__COLLECTED MATERIAL__
━━━━━━━━━━━━━━━━━━━━

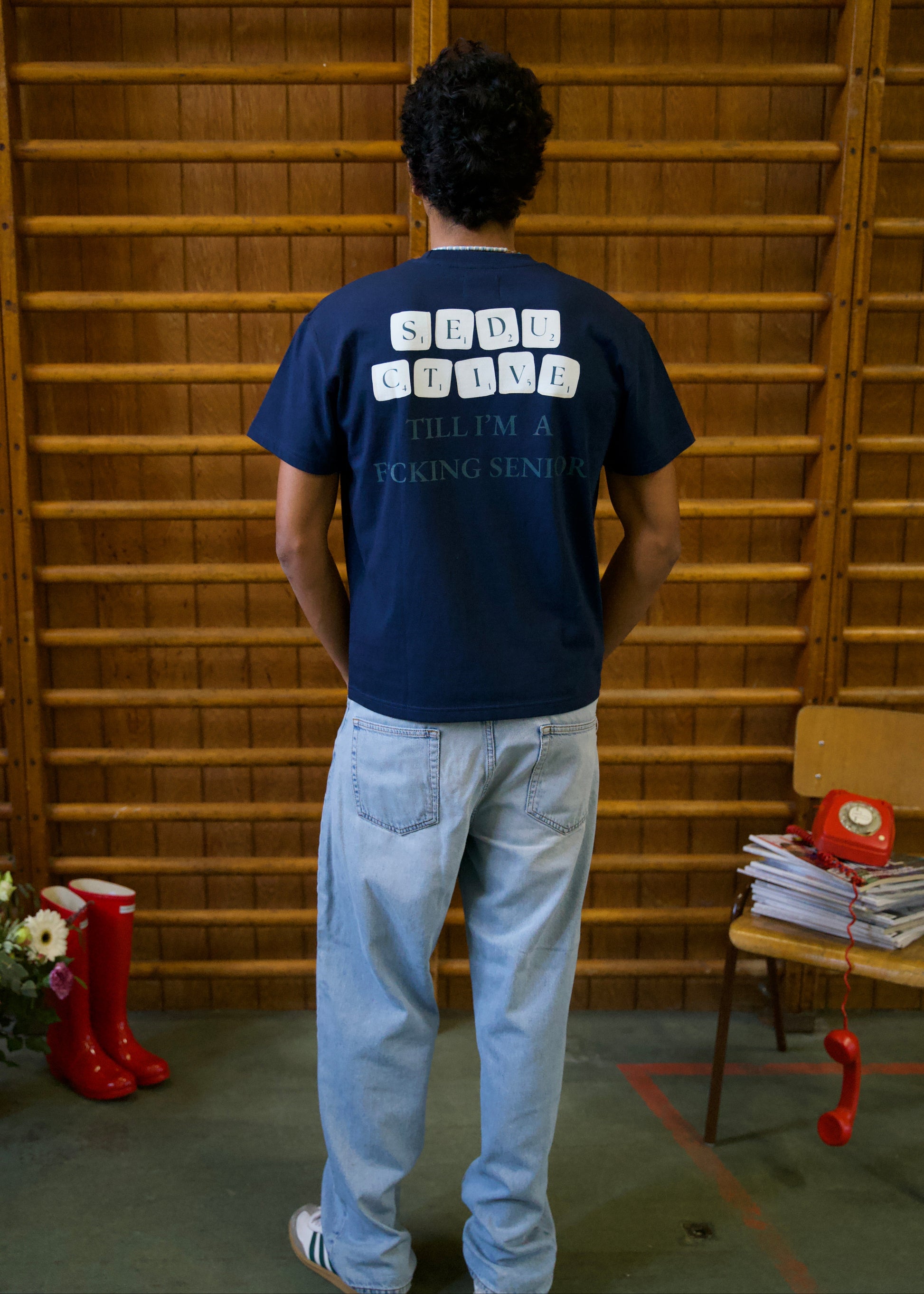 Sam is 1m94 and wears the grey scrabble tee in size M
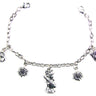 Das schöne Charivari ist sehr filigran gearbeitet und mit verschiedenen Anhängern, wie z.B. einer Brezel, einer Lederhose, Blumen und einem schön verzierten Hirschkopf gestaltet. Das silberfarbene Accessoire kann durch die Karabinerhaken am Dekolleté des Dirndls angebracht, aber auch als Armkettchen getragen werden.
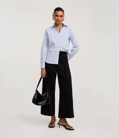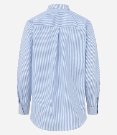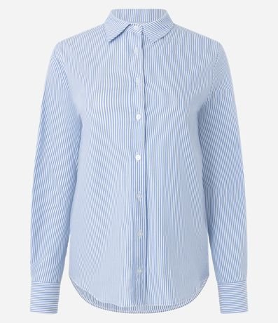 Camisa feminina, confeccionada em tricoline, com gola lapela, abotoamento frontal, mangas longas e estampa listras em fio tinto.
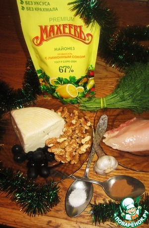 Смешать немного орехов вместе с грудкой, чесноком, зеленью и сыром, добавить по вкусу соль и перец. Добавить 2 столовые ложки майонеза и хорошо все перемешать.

━━━━━━━━━━━━━━━━━━━━

__WORK ITEM__
Please output the data above exactly as given, omitting every picture.

__ANSWER SPACE__
 Sam is 1m94 and wears the grey scrabble tee in size M
 Das schöne Charivari ist sehr filigran gearbeitet und mit verschiedenen Anhängern, wie z.B. einer Brezel, einer Lederhose, Blumen und einem schön verzierten Hirschkopf gestaltet. Das silberfarbene Accessoire kann durch die Karabinerhaken am Dekolleté des Dirndls angebracht, aber auch als Armkettchen getragen werden.
 Camisa feminina, confeccionada em tricoline, com gola lapela, abotoamento frontal, mangas longas e estampa listras em fio tinto.
 Смешать немного орехов вместе с грудкой, чесноком, зеленью и сыром, добавить по вкусу соль и перец. Добавить 2 столовые ложки майонеза и хорошо все перемешать.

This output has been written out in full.